Reading academic represents UK at international workshop
Thursday, 12 January 2012
Dr Thérèse Callus, Senior Lecturer in the School of Law is the UK representative on the steering committee of an international Network that aims to promote international and multidisciplinary research on questions of biomedical ethics (a broad field of study that concerns itself with the theoretical aspects of medicine).
The Network brings together experts in biomedical law from across Europe, North and South America, Africa and from Japan.
Dr Callus recently presented a paper at the fourth international workshop of the Network in Tozeur, Tunisia. Her paper was on Bioethics on the Female Body (The Female Body and Biomedicine: Reflections on Autonomy, Liberty and Responsibility in English law).
One aspect of Dr Callus' paper explored how advances in biomedicine have been both liberating and exploitative for women, and how the law has been used to serve both ends.

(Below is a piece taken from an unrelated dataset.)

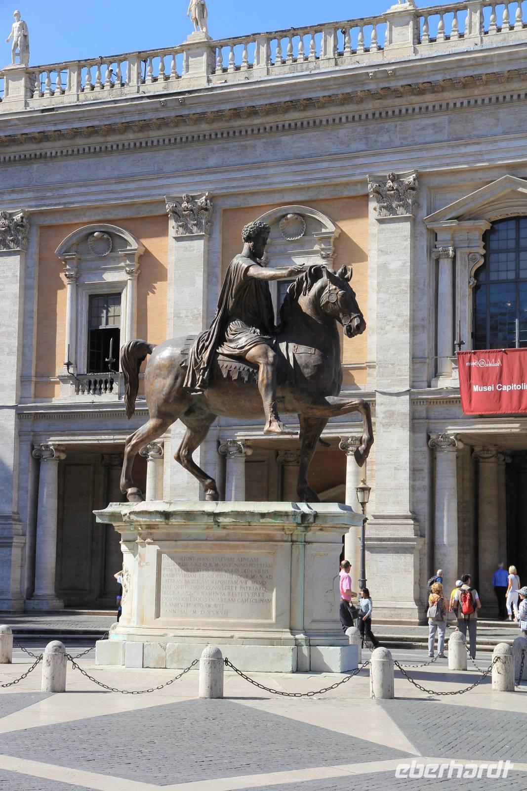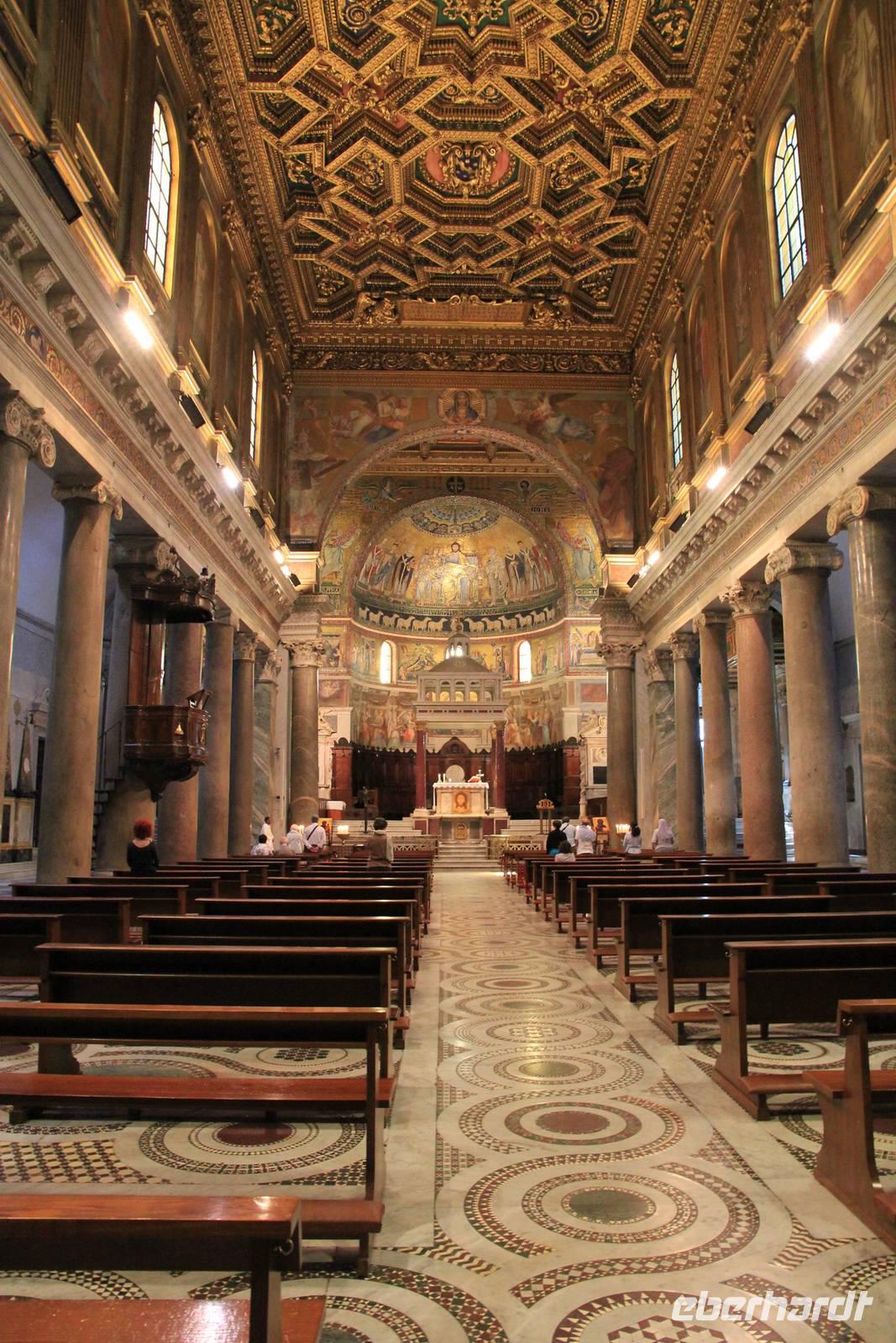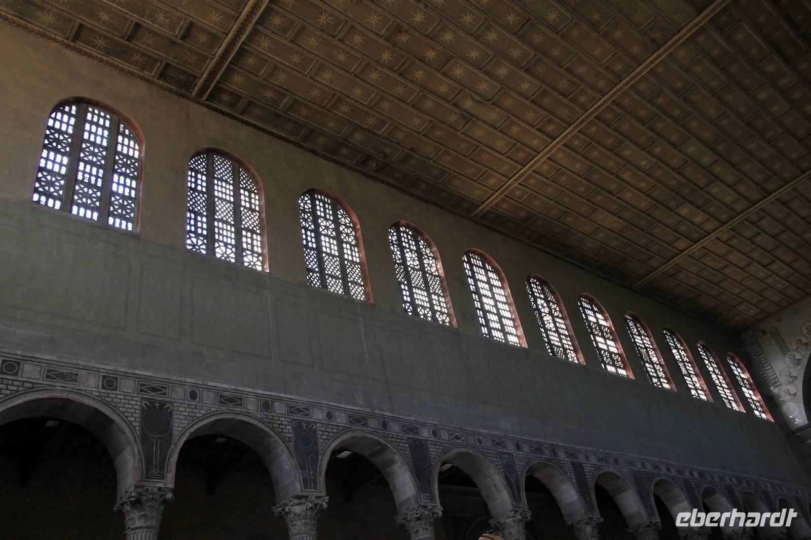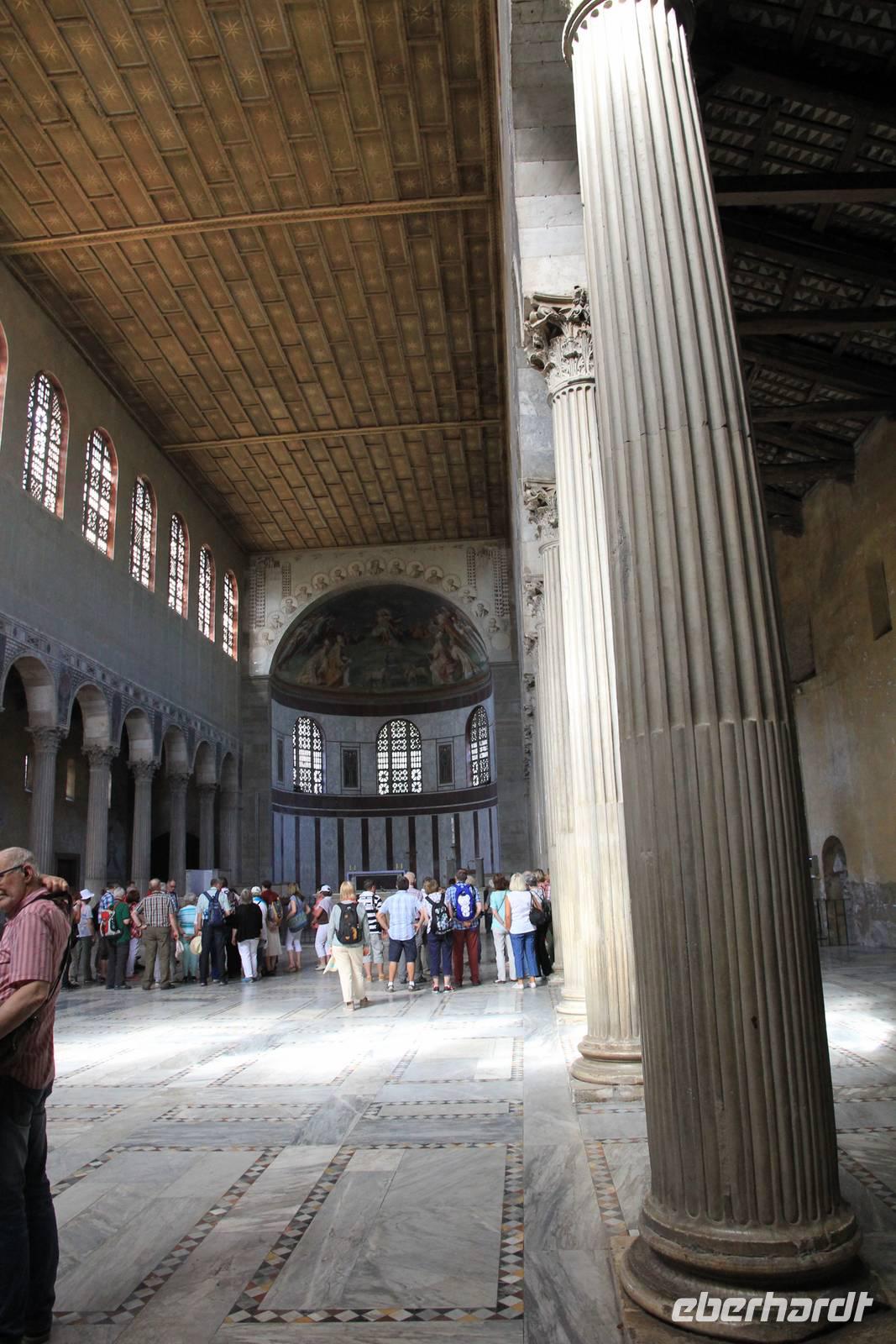 Unsere Studienreiseleiterin Agnieszka Berlin begrüßt uns nach dem Frühstück im ehemaligen Kreuzgang des Klosters, dem heutigen Empfangsbereich des Hotels Donna Camilla Savelli und wir starten mit einem Rundgang durch Trastevere und einer Straßenbahnfahrt bis zur Piazza Venezia. Von da besteigen wir über den von Michelangelo entworfenen Treppenaufgang, die Cordonata, den Kapitolshügel, lernen wir von Agnieszka, wie in der Antike und im Mittelalter Macht demonstriert und ausgeübt wurde und finden eigentlich keinen Unterschied zu Heute. Vom Caput Mundi, dem Haupt der Welt, geht es ins Forum Romanum und damit um republikanische und diktatorische Herrschaft zu Zeiten des Römischen Reiches und ihre ruinösen Reste, die wir uns mit Hilfe der bildhaften Erklärungen Agnieszkas zu einer antiken Metropole zusammenbauen. Vor unserem geistigen Auge agieren die Sabinerinnen und Etrusker, die Vestalinnen und Senatoren, Septimus Severus, Julius Cäsar und Augustus, Maxentius, Trajan, Antonius Pius und seine liebreizende Frau Faustina und natürlich Konstantin. Die Mittagssonne treibt uns zum Kolosseum, welches wir mit dem Fahrstuhl erklimmen. Einige von uns sind zum wiederholten Mal hier, aber wieder bestaunen wir die Geschichte menschlich-sozialer Leistung an diesem Bau. Nach einer Mittagspause mit Bruschetta und Cola light fahren wir per Straßenbahn zum Circus Maximus. Wir laufen weiter auf den Aventin, am blühenden Rosenpark auf dem ehemaligen jüdischen Friedhof vorbei, zur Dominikaner-Kirche Santa Sabina aus dem 5. Jahrhundert. Wir sehen die mit Blei gerahmten Selenitfenster - auch Marienglas genannt - und die ikonografisch reich geschnitzte Zedernholztüre aus dem Jahre 425. Vom Giardino degli Aranci steigen wir eine alte Straße, die Clivo di Rocca Savella, zum Tiber hinunter, den wir überqueren und Richtung Piazza Santa Maria in Trastevere verlassen. Die gleichnamige Kirche gehört zu den ältesten Gotteshäusern Roms und verbildlicht in seiner Innenausstattung den Übergang von ikonografisch-mittelalterlichen Darstellungen biblischer Ereignisse zur betonten Körperlichkeit und Menschlichkeit der bildenden Kunst der Renaissance. Nach einer kurzen Pause im Hotel geht es noch zum Fischessen ins Restaurant Vizi Capitali. Unser Schrittzähler verzeichnet heute über 15000 Schritte und 10 Kilometer.

This reflects one of her research interests - the regulation by law of scientific advances which allow women to avoid conception via contraception, abortion or surrogacy while at the same time, assisting conception techniques by various means.
Dr Callus said: "The venue for this meeting was particularly poignant: held at a time of great democratic movement in Tunisia, the Workshop bore witness to the importance of recognising the free choice of all (irrespective of gender) which was aptly illustrated by the exploration of how law is used to regulate, liberate and, potentially exploit, the application of biomedicine to the female body."